◆ ASSIGNMENT:
Leave the images out. Give every line below again, precisely.

◆ DATA EXTRACT:
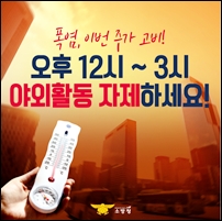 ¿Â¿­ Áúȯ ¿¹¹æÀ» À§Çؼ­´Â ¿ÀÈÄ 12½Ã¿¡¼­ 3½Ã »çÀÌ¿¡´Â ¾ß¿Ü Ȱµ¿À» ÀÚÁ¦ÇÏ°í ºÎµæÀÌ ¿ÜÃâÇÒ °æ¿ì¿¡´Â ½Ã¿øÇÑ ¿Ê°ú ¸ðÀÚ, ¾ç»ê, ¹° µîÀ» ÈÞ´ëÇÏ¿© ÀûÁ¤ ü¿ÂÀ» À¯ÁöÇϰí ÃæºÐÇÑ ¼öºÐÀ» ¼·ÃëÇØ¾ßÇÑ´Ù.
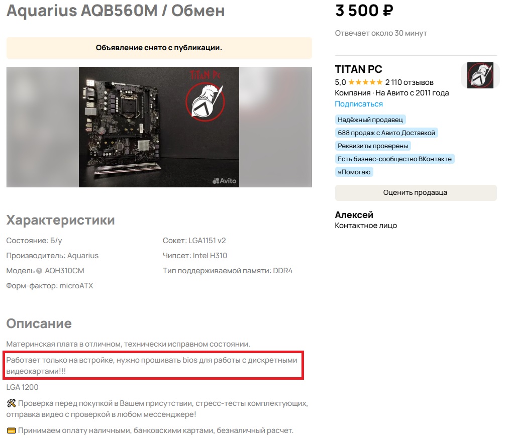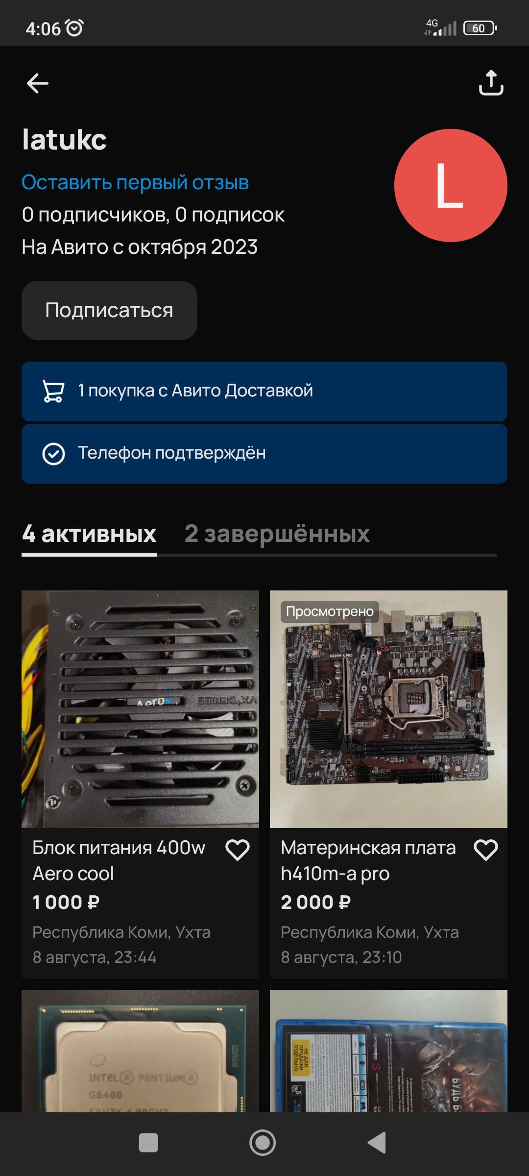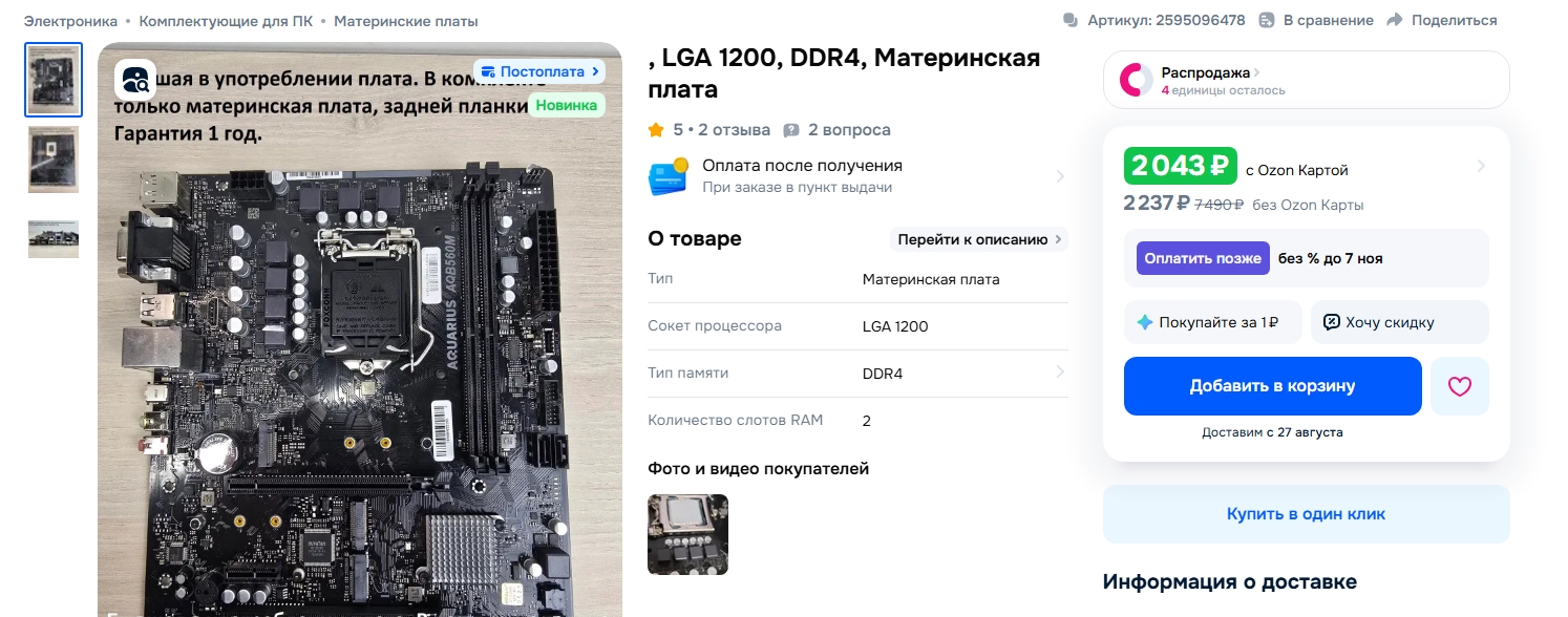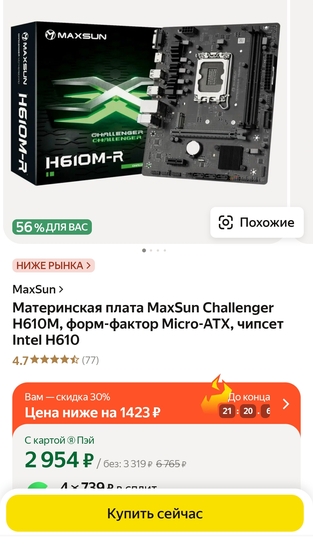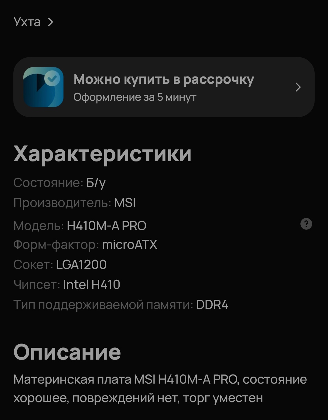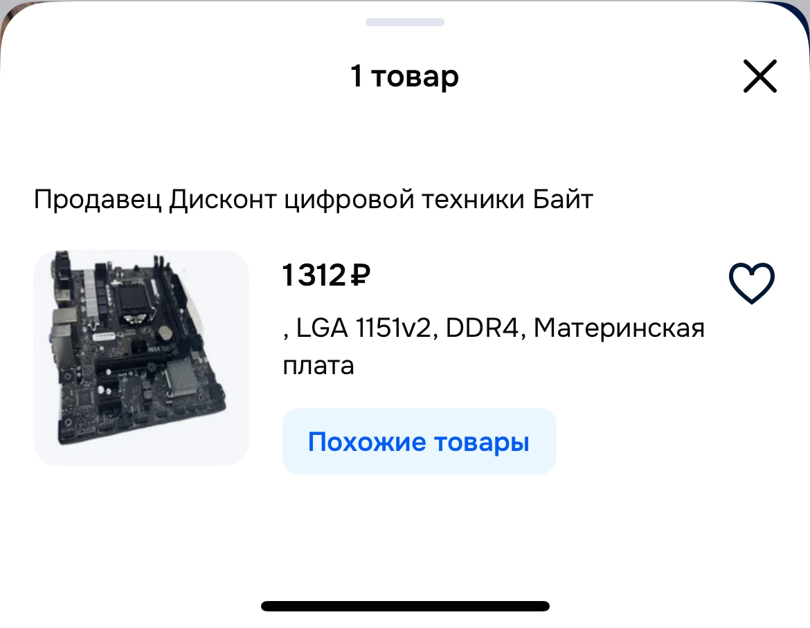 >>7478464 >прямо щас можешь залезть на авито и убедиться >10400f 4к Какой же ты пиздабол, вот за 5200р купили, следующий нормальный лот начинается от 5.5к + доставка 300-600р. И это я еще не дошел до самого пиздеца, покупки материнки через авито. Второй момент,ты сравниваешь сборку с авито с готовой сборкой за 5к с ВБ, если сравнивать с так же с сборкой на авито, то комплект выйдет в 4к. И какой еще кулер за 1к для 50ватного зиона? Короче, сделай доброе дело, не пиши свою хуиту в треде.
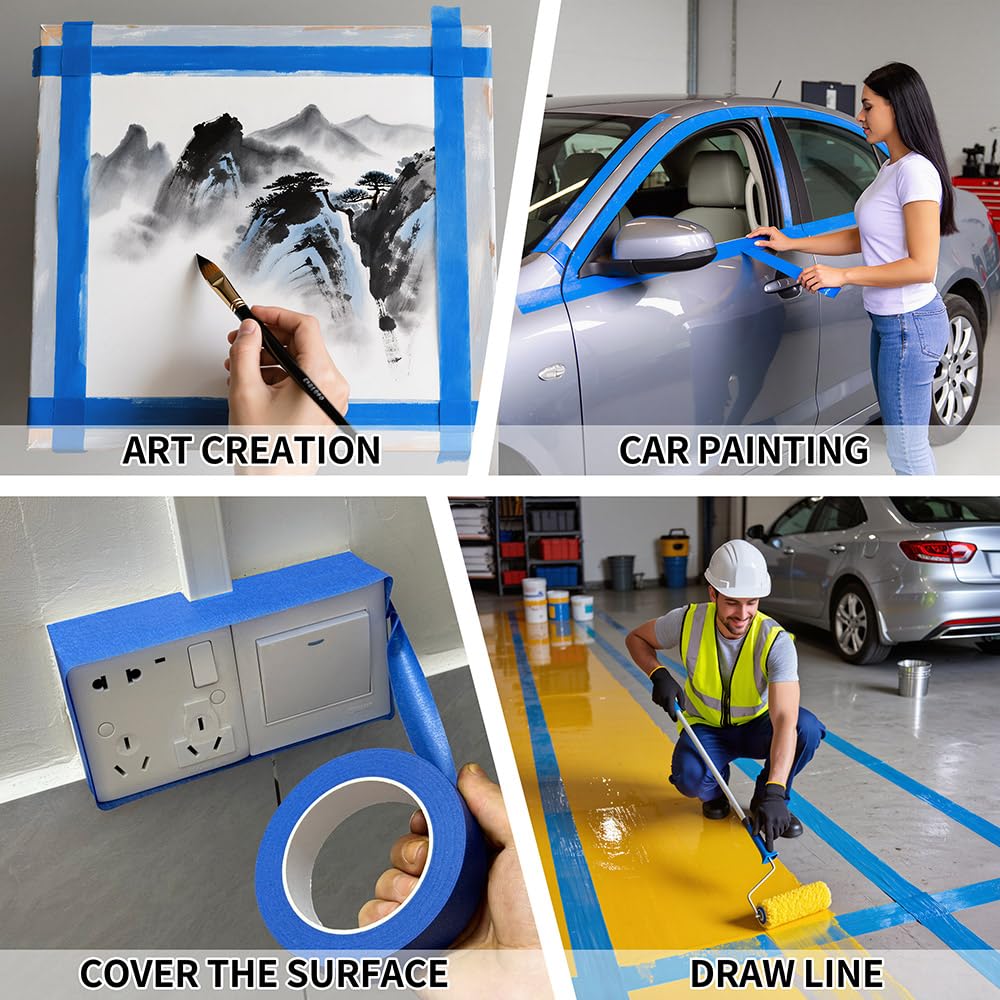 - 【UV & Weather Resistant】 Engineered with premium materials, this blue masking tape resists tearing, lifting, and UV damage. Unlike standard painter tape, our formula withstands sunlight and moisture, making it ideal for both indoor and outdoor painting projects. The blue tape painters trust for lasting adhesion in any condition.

◆ ANSWER FOR THIS EXERCISE:
 ¿Â¿­ Áúȯ ¿¹¹æÀ» À§Çؼ­´Â ¿ÀÈÄ 12½Ã¿¡¼­ 3½Ã »çÀÌ¿¡´Â ¾ß¿Ü Ȱµ¿À» ÀÚÁ¦ÇÏ°í ºÎµæÀÌ ¿ÜÃâÇÒ °æ¿ì¿¡´Â ½Ã¿øÇÑ ¿Ê°ú ¸ðÀÚ, ¾ç»ê, ¹° µîÀ» ÈÞ´ëÇÏ¿© ÀûÁ¤ ü¿ÂÀ» À¯ÁöÇϰí ÃæºÐÇÑ ¼öºÐÀ» ¼·ÃëÇØ¾ßÇÑ´Ù.
 >>7478464 >прямо щас можешь залезть на авито и убедиться >10400f 4к Какой же ты пиздабол, вот за 5200р купили, следующий нормальный лот начинается от 5.5к + доставка 300-600р. И это я еще не дошел до самого пиздеца, покупки материнки через авито. Второй момент,ты сравниваешь сборку с авито с готовой сборкой за 5к с ВБ, если сравнивать с так же с сборкой на авито, то комплект выйдет в 4к. И какой еще кулер за 1к для 50ватного зиона? Короче, сделай доброе дело, не пиши свою хуиту в треде.
 - 【UV & Weather Resistant】 Engineered with premium materials, this blue masking tape resists tearing, lifting, and UV damage. Unlike standard painter tape, our formula withstands sunlight and moisture, making it ideal for both indoor and outdoor painting projects. The blue tape painters trust for lasting adhesion in any condition.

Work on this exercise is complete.